BALTIMORE — The U.S. Supreme Court on Thursday ruled the state of New York violated the Second and Fourteenth Amendments of the constitution when it began requiring residents to show a specific need when applying for a concealed carry permit.
Writing for the 6-3 conservative majority, justice Clarence Thomas said "the constitutional right to bear arms in public for self-defense is not a second-class right, subject to an entirely different body of rules than the other Bill of Rights guarantees."
The decision has the potential to impact existing right-to-carry laws in Maryland.
Similar to New York, to obtain a Wear and Carry Permit here in Maryland applicants must show "a good and substantial reason to wear, carry, or transport a handgun, such as finding that the permit is necessary as a reasonable precaution against danger."
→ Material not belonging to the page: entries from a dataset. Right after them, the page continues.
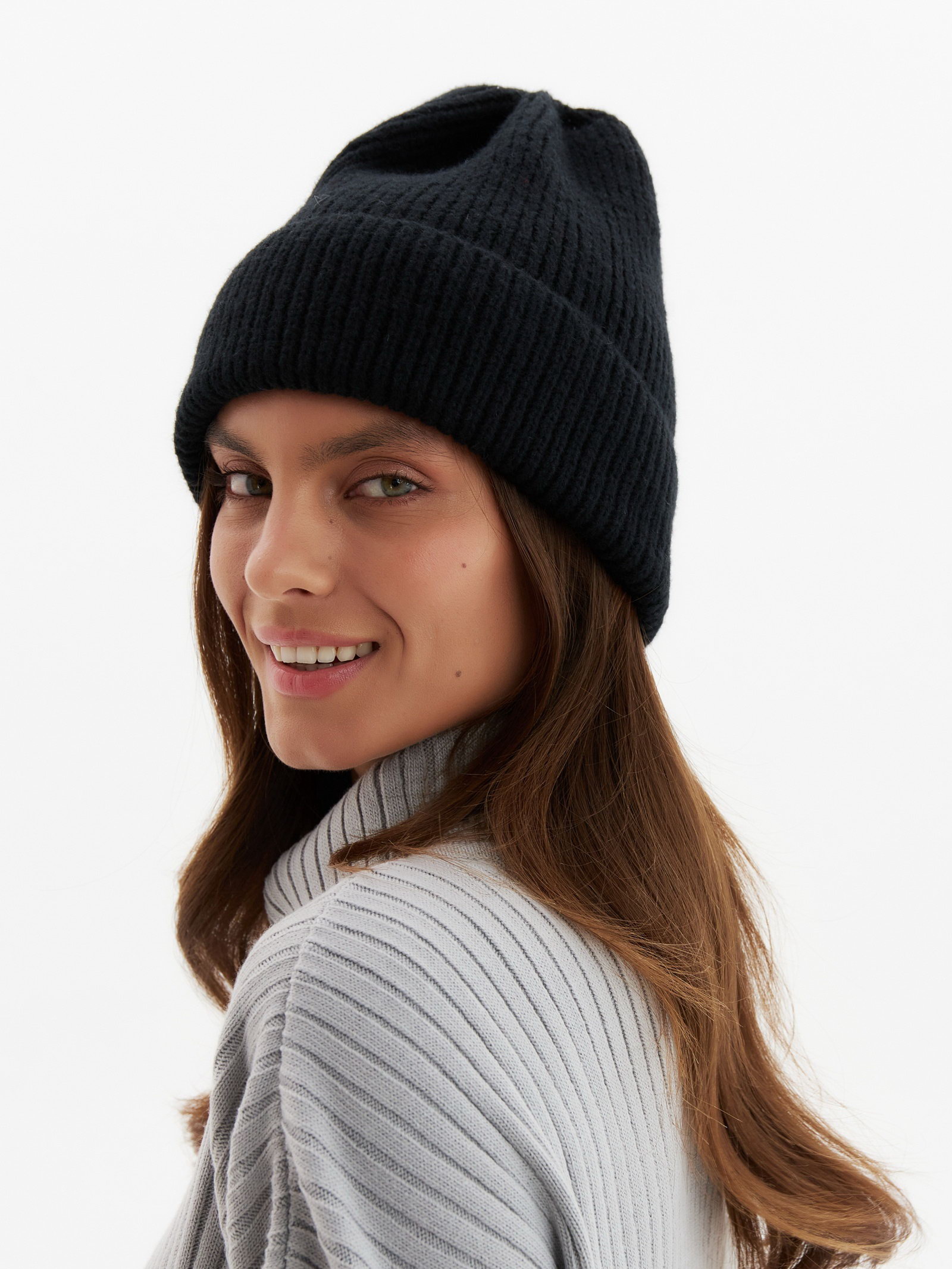 Шапка с подворотом женская размер 54-56, чёрная, 7x15x5 см., MINAKU, Китай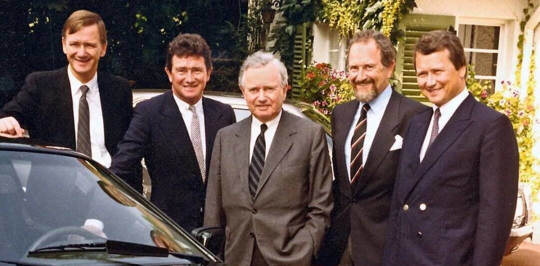 (从左至右:舅舅费利·保时捷、费迪南德·皮耶希、汉斯·皮耶希、布兹·保时捷)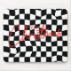 Trendy black and white chequered, graphic artwork with red calligraphy letters for Christmas.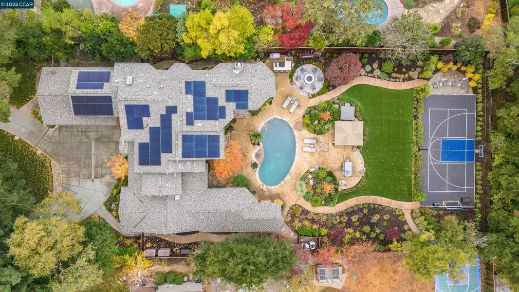 Located in the heart of Westside Alamo, this stunning estate features abundant natural light, soaring ceilings, designer renovations, and FULLY OWNED SOLAR. Situated on a flat, tranquil lot in a sought-after neighborhood, the backyard is a private oasis framed by towering redwoods and includes a sparkling pool, outdoor kitchen, sport court, and a firepit with a cozy entertainment area. Inside, the main level boasts a private wing with four bedrooms and a versatile bonus space, while the upper level offers an additional ensuite bedroom and a luxurious primary suite. Upstairs, you'll also find a light-filled, professionally designed home office and private gym, with convenient access via a back staircase. Close to top-rated SRV schools, parks, the Iron Horse Trail, and shops-this is more than a home - it's a lifestyle!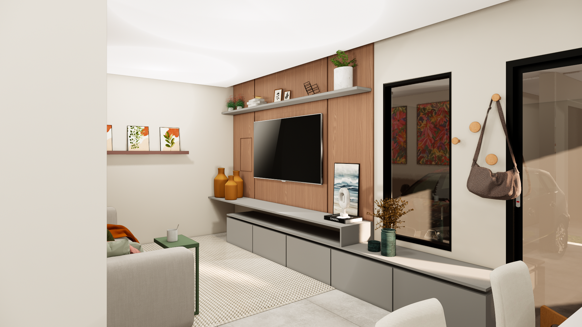 A sala de estar foi repaginada com um painel ripado em madeira, criando um fundo elegante para a TV e trazendo aconchego ao espaço. Prateleiras e mobiliário sob medida foram planejados para valorizar cada canto, garantindo organização sem perder leveza. A composição de vasos, quadros e detalhes em tons terrosos e verdes adiciona personalidade ao ambiente.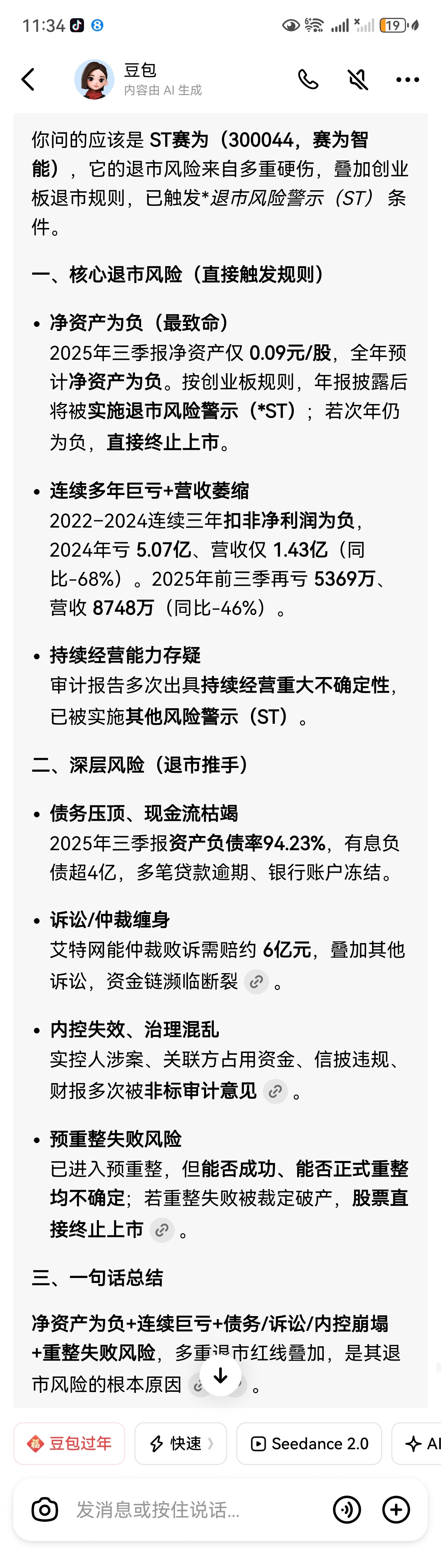 $ST赛为(SZ300044)$ 给某些人泼点凉水,免得有天退市了,还不清醒。论退市的速度,赛为可能来的更突然,比立方还要快。

Thomas in his decision appeared to push back on that notion.
"The Second Amendment guarantees an individual right to possess and carry weapons in case of confrontation."
According to the the Maryland State Police Licensing division, applicants must also not exhibit "a propensity for violence or instability that may reasonably render the person’s possession of a handgun a danger to the person or others."
In his opinion Thomas seemed to agree, noting that states still have the authority in some cases to limit who has access to weapons.
"Nothing in our opinion should be taken to cast doubt on longstanding prohibitions on the possession of firearms by felons and the mentally ill, or laws forbidding the carrying of firearms in sensitive places such as schools and government buildings, or laws imposing conditions and qualifications on the commercial sale of arms," Thomas wrote.
That however did not stop some of Maryland's lead lawmakers and law enforcement officials from criticizing the Supreme Court's ruling.
Baltimore City Mayor Brandon Scott chimed in saying the "decision puts lives at risk and makes removing guns from our streets even more difficult."
So far in 2022 there have been 171 murders recorded in the city.
"I’ve asked the law department to study the opinion to let me know all of its implications," added Scott.
Attorney General Brian Frosh called Maryland's current gun laws "common sense," claiming that "they have been proven to reduce gun violence."
“Today’s decision means more deaths and more pain in a country already awash in gun violence. If the norm is that people can carry firearms, our neighborhoods, our streets and other public places will become more dangerous. It will make the lives of law enforcement more difficult and more perilous. The epidemic of gun violence sweeping our nation demonstrates daily the folly of introducing more guns into this boiling cauldron."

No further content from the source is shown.